Les réformes économiques demandées par l’exécutif européen en échange des deux années de répit qui ont été accordées à la France seront menées avec détermination pour doper la compétitivité française et celles qui ont été mises en place en Allemagne depuis dix ans servent maintenant de modèle.

« Il y a un écart de compétitivité. Les Allemands, il y a dix ans étaient considérés comme le pays malade de l’Europe », a-t-il déclaré à Bruxelles dans un message qui a été jugé « rassurant » par le président de la Commission, José Manuel Barroso.

« Mais pendant dix ans, et je pense que ça ira plus vite j’espère pour la France, les Allemands ont fait des choix, on peut les contester, on peut penser qu’il y en avait d’autres, ils ont fait des choix. Aujourd’hui, les Allemands sont compétitifs », a-t-il ajouté.

L’évolution est très nette si l’on compare ce discours à celui tenu pendant la campagne électorale, pendant le début du quinquennat et par la gauche du Parti socialiste, où les réformes allemandes sont jugées génératrices de précarité.

UNE POLITIQUE « DE DROITE » ?

Le co-président du Parti de gauche, Jean-Luc Mélenchon, a d’ailleurs estimé vendredi sur Europe 1 que François Hollande menait ainsi une politique « de droite » en voulant réformer les retraites, introduire de la flexibilité sur le marché du travail ou encore modifier les conditions d’indemnisation du chômage.

« Quand vous mettez bout à bout une politique économique qui considère que c’est le coût du travail qui est le problème et pas le coût du capital, qui encourage sous des formes extrêmes la volatilité du capital (…), ce n’est pas une affaire de personne, c’est une affaire de ligne politique », a-t-il dit.

A l’image du « tournant de la rigueur » amorcé par François Mitterrand en 1983, le second président socialiste de la Ve République, sans utiliser les mêmes termes, achève sa mue qu’il avait amorcée en parlant de « socialisme de l’offre » en décembre dernier : « Je suis pour la compétitivité, je ne suis pas pour la dépense », a-t-il dit jeudi.

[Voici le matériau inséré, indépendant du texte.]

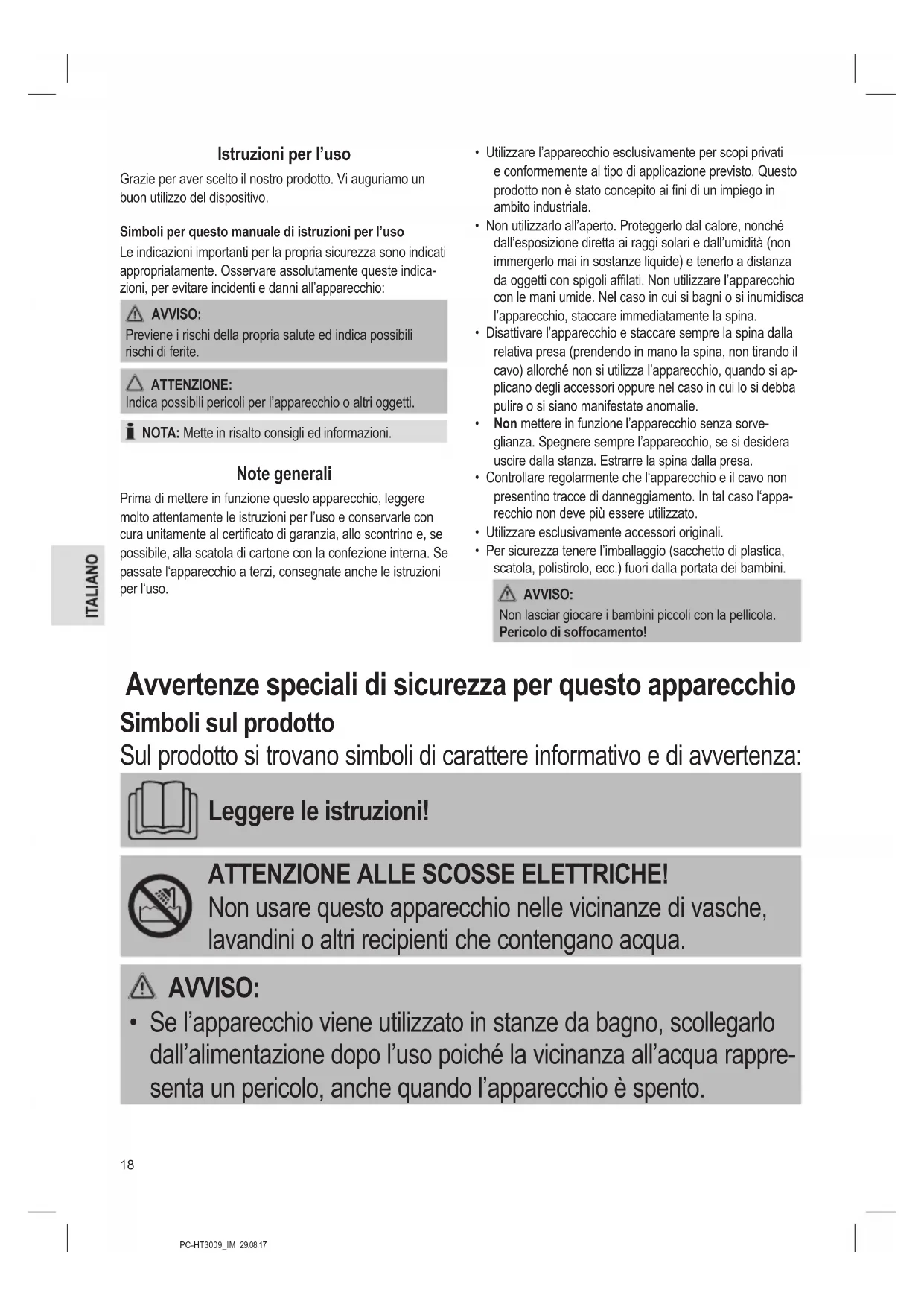 - Se l’apparecchio viene utilizzato in stanze da bagno, scollegarlo dall’alimentazione dopo l’uso poiché la vicinanza all’acqua rappre- senta un pericolo, anche quando l’apparecchio è spento.PC-HT3009_IM 29.08.17

Le parallèle avec la France du début des années 1980 vaut aussi partiellement pour la construction européenne.

En 1983, deux ans après son arrivée au pouvoir, François Mitterrand avait le choix entre la sortie du serpent monétaire européen d’un franc à l’agonie après trois dévaluations massives dues notamment à sa politique de relance, une option prônée par une partie du PS, et un renforcement de l’alliance avec Berlin pour relancer l’Europe, qu’il a finalement privilégiée.

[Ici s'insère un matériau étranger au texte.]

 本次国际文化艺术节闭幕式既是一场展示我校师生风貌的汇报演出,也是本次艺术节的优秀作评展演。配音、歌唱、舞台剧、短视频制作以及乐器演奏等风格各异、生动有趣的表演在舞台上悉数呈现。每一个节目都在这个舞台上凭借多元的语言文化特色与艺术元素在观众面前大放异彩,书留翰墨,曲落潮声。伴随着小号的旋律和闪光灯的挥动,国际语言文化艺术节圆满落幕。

Toutes proportions gardées, c’est ce qu’a aussi choisi François Hollande en jetant aux orties la « tension amicale » qu’il prônait jusqu’ici avec Angela Merkel.

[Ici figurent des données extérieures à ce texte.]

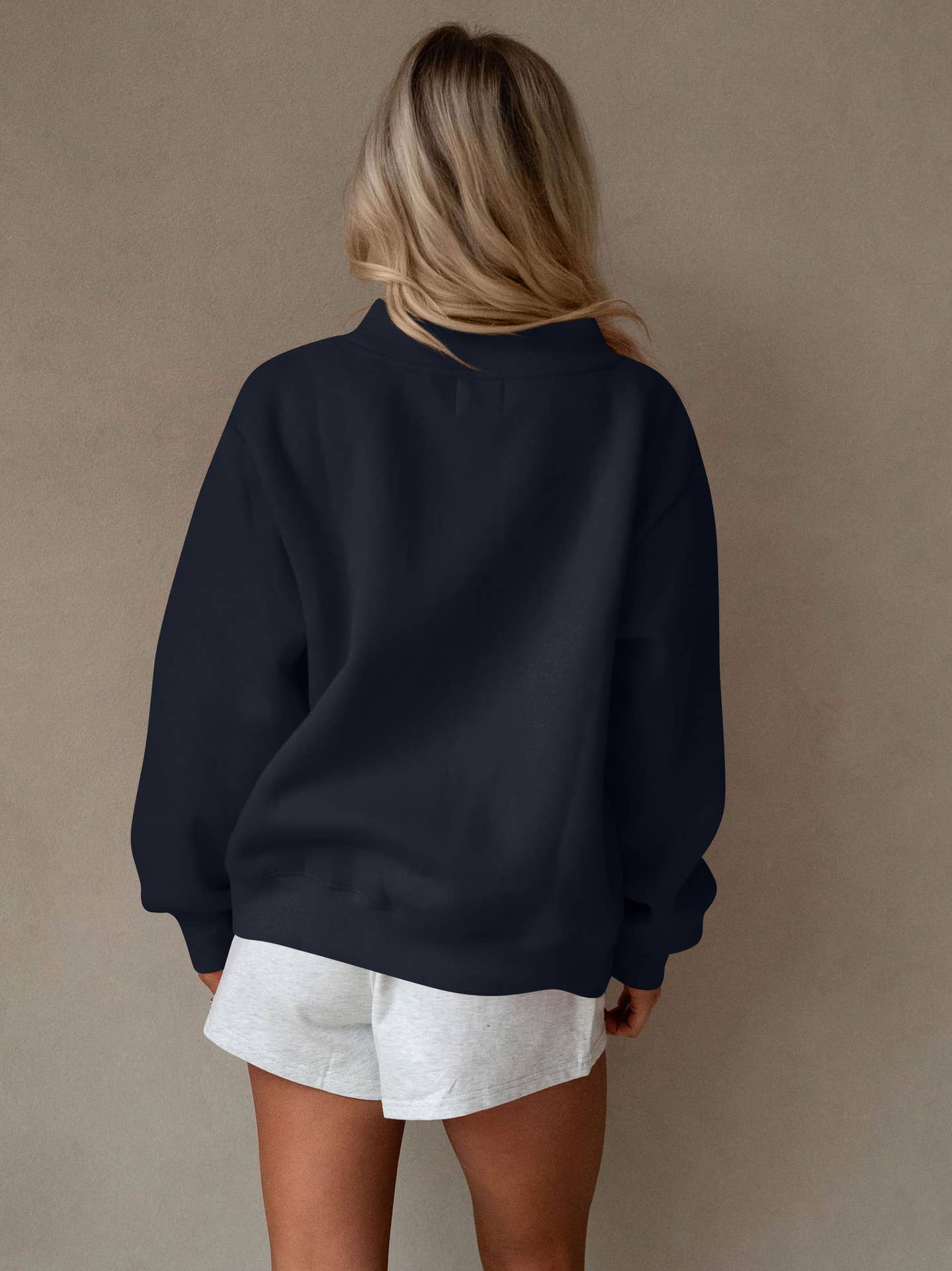 Fleece Mock Neck Pullover in Navy

Ce discours avait été perçu par une partie du PS comme un feu vert pour s’en prendre à l' »intransigeance égoïste » de la chancelière allemande qui plongerait l’Europe dans la récession et avec laquelle il faudrait, selon le président de l’Assemblée nationale, Claude Bartolone, entrer en « confrontation ».

« UNE AFFAIRE D’URGENCE »

Comme la plupart des présidents français qui, de Jacques Chirac à Nicolas Sarkozy, cherchent lors de leur arrivée au pouvoir à bâtir des alliances de contournement de l’Allemagne avant de se rendre compte que le couple franco-allemand reste incontournable, François Hollande a suivi la même trajectoire.

Le moteur franco-allemand est « indispensable – je dis bien indispensable » à l’Europe, a-t-il dit jeudi.

Pour joindre les actes à la parole, il a répondu – avec retard – aux appels d’Angela Merkel à créer une union politique.

« La France est disposée à donner un contenu à cette union politique », a-t-il dit en se donnant deux ans pour y parvenir. « Ce n’est plus une affaire de sensibilités politiques, c’est une affaire d’urgence ».

Même s’il n’en a pas précisé les contours, l’évolution est, là aussi, notable pour un président traumatisé par le « non » français à la Constitution européenne de 2005 qui avait déchiré – et continue de déchirer – le Parti socialiste.

« Je crois me souvenir qu’en 2005 nous avons essayé cette formule et qu’elle n’a pas donné les résultats escomptés ! », déclarait-il en octobre dernier dans Le Monde.